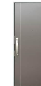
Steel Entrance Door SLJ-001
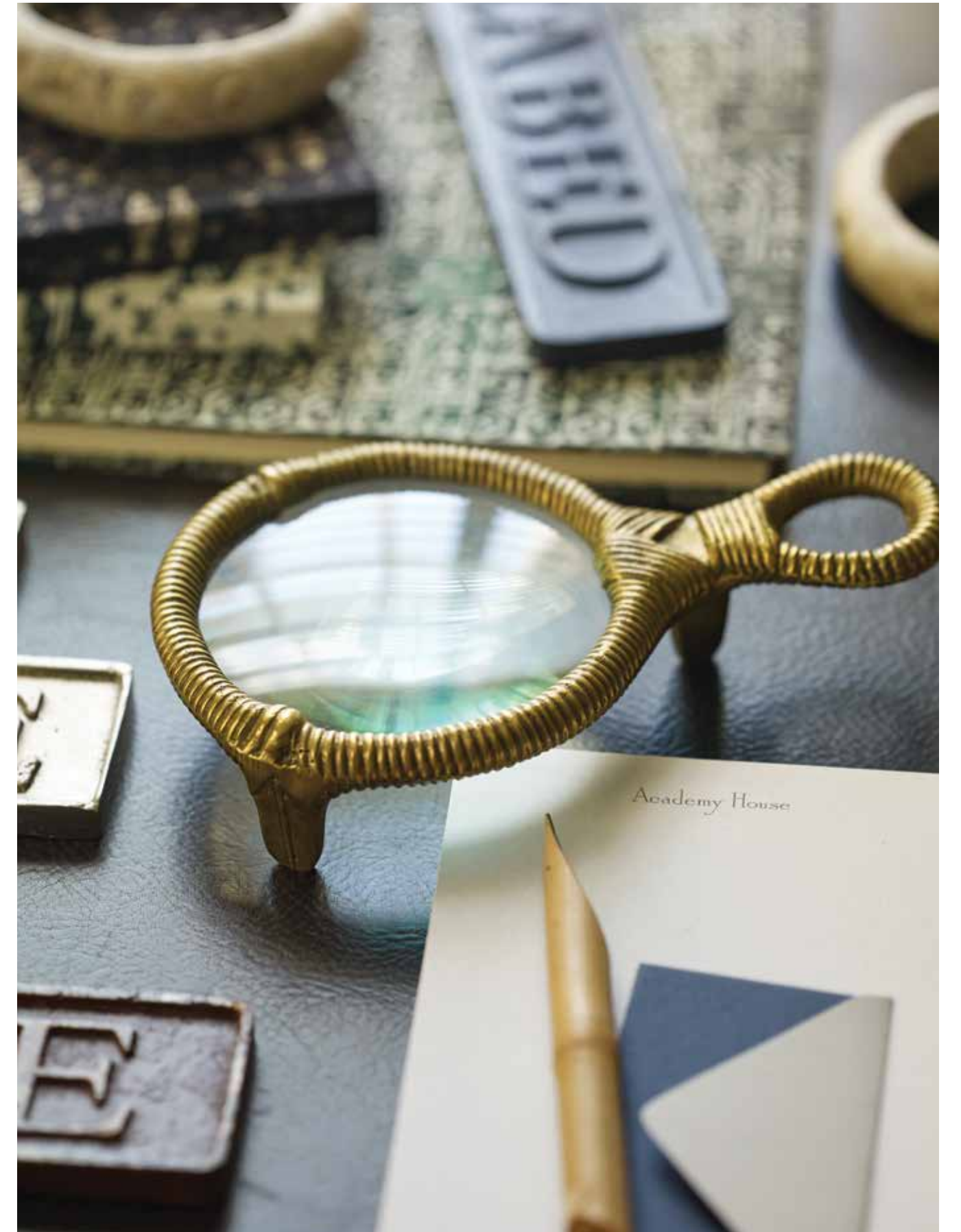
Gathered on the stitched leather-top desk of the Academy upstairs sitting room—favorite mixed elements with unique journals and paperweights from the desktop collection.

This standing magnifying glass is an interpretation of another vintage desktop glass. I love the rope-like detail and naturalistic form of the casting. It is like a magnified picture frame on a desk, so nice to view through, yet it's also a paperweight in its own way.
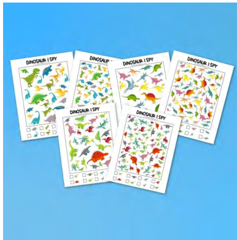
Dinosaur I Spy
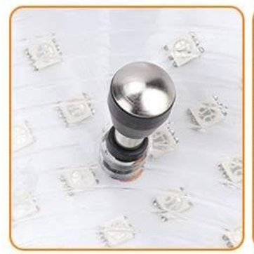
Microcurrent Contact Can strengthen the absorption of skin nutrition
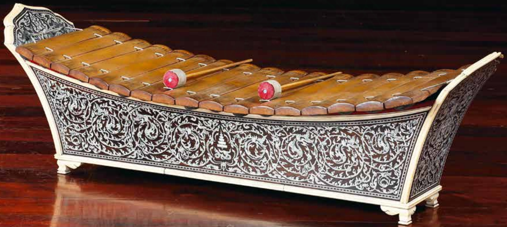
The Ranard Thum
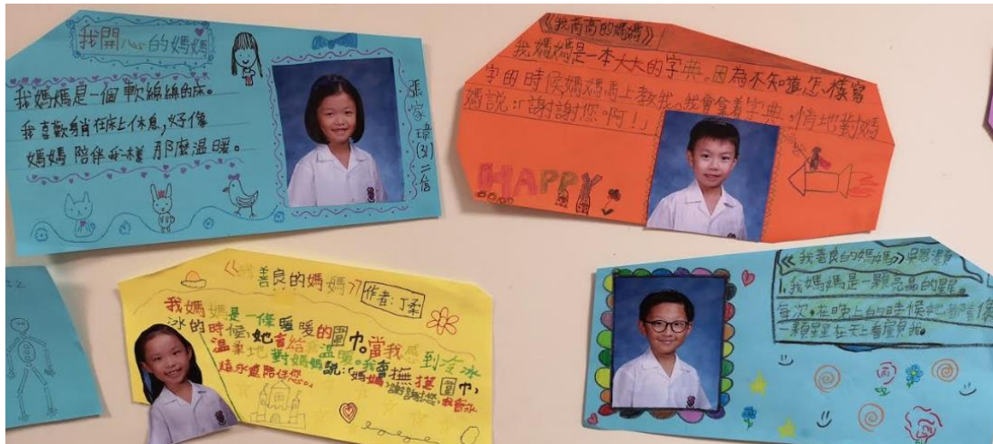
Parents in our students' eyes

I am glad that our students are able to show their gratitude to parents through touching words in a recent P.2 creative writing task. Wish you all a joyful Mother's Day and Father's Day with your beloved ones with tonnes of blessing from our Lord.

————————

§ What this task involves
The records above are to be restated word for word, with every picture left out.

§ Exercise solution
Steel Entrance Door SLJ-001
Gathered on the stitched leather-top desk of the Academy upstairs sitting room—favorite mixed elements with unique journals and paperweights from the desktop collection.

This standing magnifying glass is an interpretation of another vintage desktop glass. I love the rope-like detail and naturalistic form of the casting. It is like a magnified picture frame on a desk, so nice to view through, yet it's also a paperweight in its own way.
Dinosaur I Spy
Microcurrent Contact Can strengthen the absorption of skin nutrition
The Ranard Thum
Parents in our students' eyes

I am glad that our students are able to show their gratitude to parents through touching words in a recent P.2 creative writing task. Wish you all a joyful Mother's Day and Father's Day with your beloved ones with tonnes of blessing from our Lord.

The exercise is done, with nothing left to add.